There is an equine arm of the United States Space Force. We’re not horsing around.
The military’s newest and most continually bewildering service branch shared a video last week welcoming the addition of a military working horse — a mustang named Ghost — to the ranks of the 30th Space Wing.
(Ghost, unlike Mustangs immensely popular with junior enlisted, does not come with a debilitating 41 percent APR.)
The 5-year-old horse, acquired through the Bureau of Land Management, is part of a team at California’s Vandenberg Air Force Base that carries out duties that range from conservation efforts to the enforcement of hunting and fishing laws.
And while no one can fault the service members involved for landing perhaps the most enjoyable gig in the U.S. military, the notion that these tasks A) are performed by a military unit, and B) once fell under the command of the U.S. Air Force remains perplexing.
“Before this program I had never ridden a horse before, but I came in every day and rode and volunteered,” Senior Airman Michael Terrazas said in a March 2019 profile of the detachment.
“We are able to go through creeks and water with the horses, high hills that we wouldn’t be able to get through with off-road vehicles. There are places we’ve gone where the water is so deep that my boots are wet while on horseback, but the horses can walk through with no problems.”
Jealous, no doubt. But should pleasant strolls on horseback through picturesque landscapes be included in the budget of a branch that has its eyes turned toward the cosmos?
That answer is an emphatic neigh.
Recent evidence compiled by top astrophysicists suggests horses cannot survive in the vacuum of space.
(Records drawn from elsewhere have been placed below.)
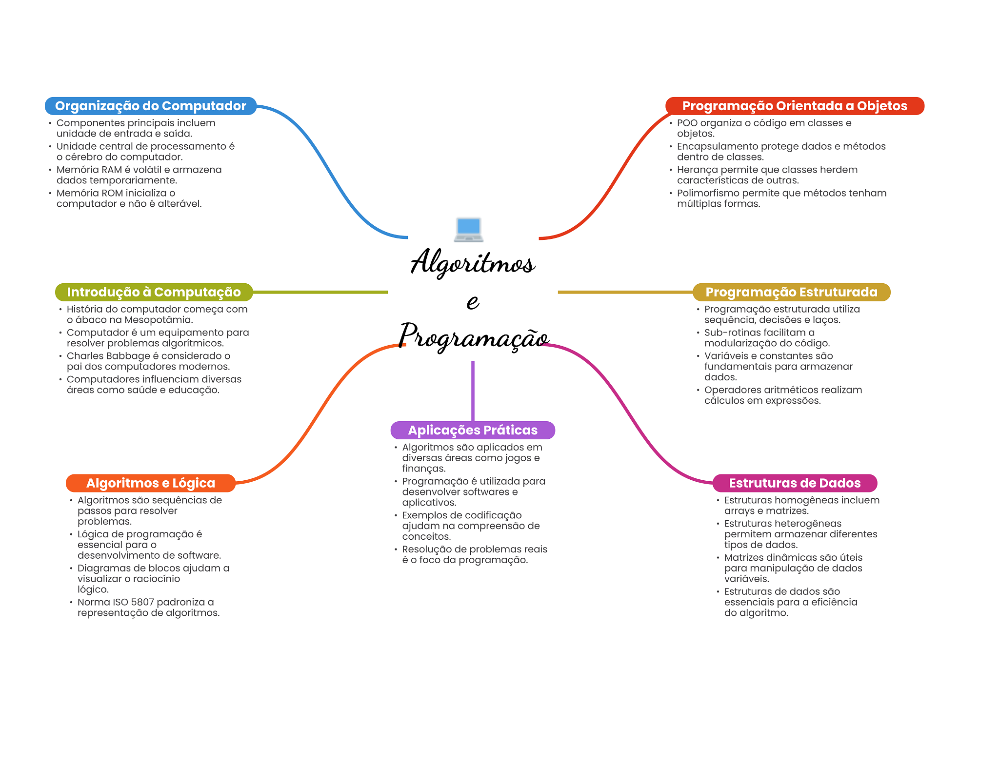 Organização do Computador Programação Orientada a Objetos Componentes principais incluem organiza código em classes e unidade de entrada e saída. objetos. Unidade central de processamento é Encapsulamento protege dados e métodos cérebro do computador. dentro de classes. Memória RAM é volátil e armazena Herança permite que classes herdem dados temporariamente. características de outras. Memória ROM inicializa Polimorfismo permite que métodos tenham computador e não é alterável. múltiplas formas. Algoritmos Introdução à Computação Programação Estruturada e História do computador começa com Programação estruturada utiliza ábaco na Mesopotâmia. sequência, decisões e laços. Computador é um equipamento para resolver problemas algorítmicos. Programação Sub-rotinas facilitam a modularização do código. Charles Babbage é considerado Variáveis e constantes são pai dos computadores modernos. fundamentais para armazenar Computadores influenciam diversas dados. áreas como saúde e educação. Operadores aritméticos realizam cálculos em expressões. Aplicações Práticas Algoritmos são aplicados em diversas áreas como jogos e finanças. Algoritmos e Lógica Programação é utilizada para Estruturas de Dados desenvolver softwares e Algoritmos são sequências de aplicativos. Estruturas homogêneas incluem passos para resolver Exemplos de codificação arrays e matrizes. problemas. ajudam na compreensão de Estruturas heterogêneas Lógica de programação é conceitos. permitem armazenar diferentes essencial para Resolução de problemas reais tipos de dados. desenvolvimento de software. é O foco da programação. Matrizes dinâmicas são úteis Diagramas de blocos ajudam a para manipulação de dados visualizar raciocínio variáveis. lógico. Estruturas de dados são Norma ISO 5807 padroniza a essenciais para a eficiência representação de algoritmos. do algoritmo.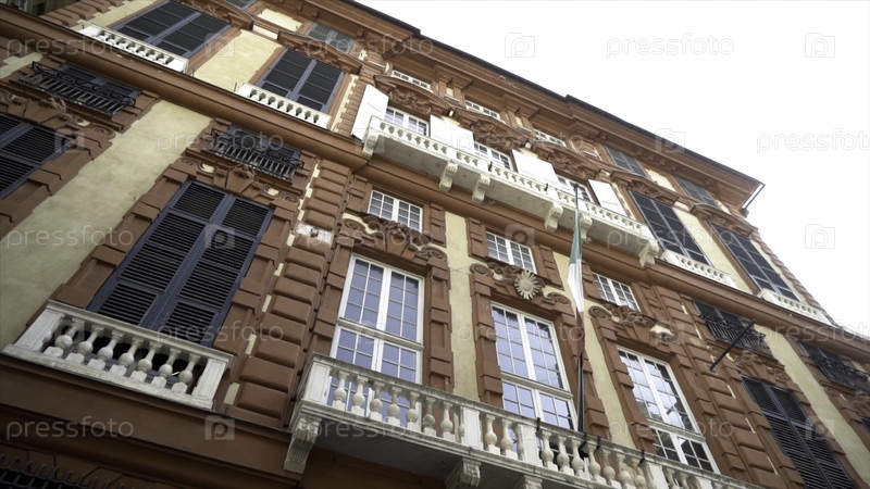 Нижний вид фасада жилого здания со старой европейской архитектурой. Продолжайте. Красивый экстерьер дома со старинной архитектурой и высокими окнами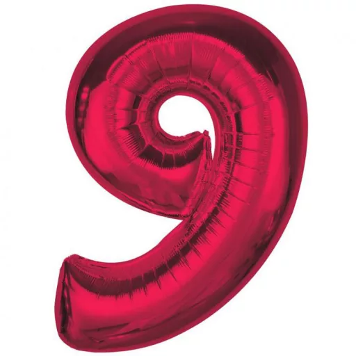 Piros 9-es szám fólia lufi 92 cm.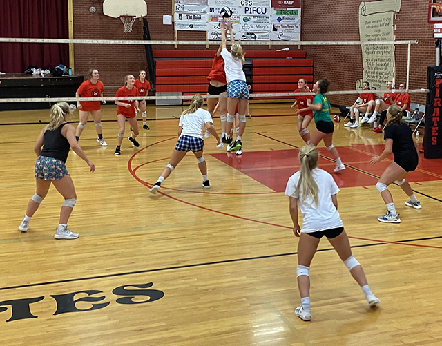One of the teams brought along their pajama shorts for one of the early morning matches at the Dusk to Dawn volleyball tournament June 25-26. Photo by Julie Schumacher. Click on the photo for a larger view.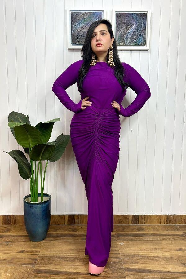 Elevate your wardrobe with the "Orchid Dress". Defined by its boat neck and full sleeves, this dress exudes timeless elegance. The gathered accents create a sculpted effect, complementing the bodycon fit for a flattering finish. With a seamless back zip closure, this dress is designed for moments when confidence meets effortless sophistication.

Additionally, it’s widely accepted by the scientific community that a very small number of horses have participated in the development of celestial programs such as lunar modules, Mars rovers, or satellites for deep-space exploration. I personally have viewed Christopher Nolan’s “Interstellar” at least a dozen times and have yet to identify a Seabiscuit cameo.
Still, this is space, the final frontier, and there’s never been a better time to provide a celestial cowboy with a trusty steed.
According to the service’s official page, the Space Force mission is to organize, train, and equip “space forces in order to protect U.S. and allied interests in space and to provide space capabilities to the joint force.”
The branch also summarizes its responsibilities as “developing military space professionals, acquiring military space systems, maturing the military doctrine for space power, and organizing space forces to present to our Combatant Commands.”
Equestrian instruction is noticeably absent in those descriptions, barring any fine print under the mission statement that will permit Ghost to boldly go where no horse has gone before.
If the first recruiting ad for the U.S. Space Force is going to float the idea that “maybe your purpose on this planet isn’t on this planet,” why not include the otherworldly mission of firing laser beams while galloping through the cosmos on the back of Secretariat?
Horses? Where we’re going, we don’t need horses.
Jon Simkins is the executive editor for Military Times and Defense News, and a Marine Corps veteran of the Iraq War.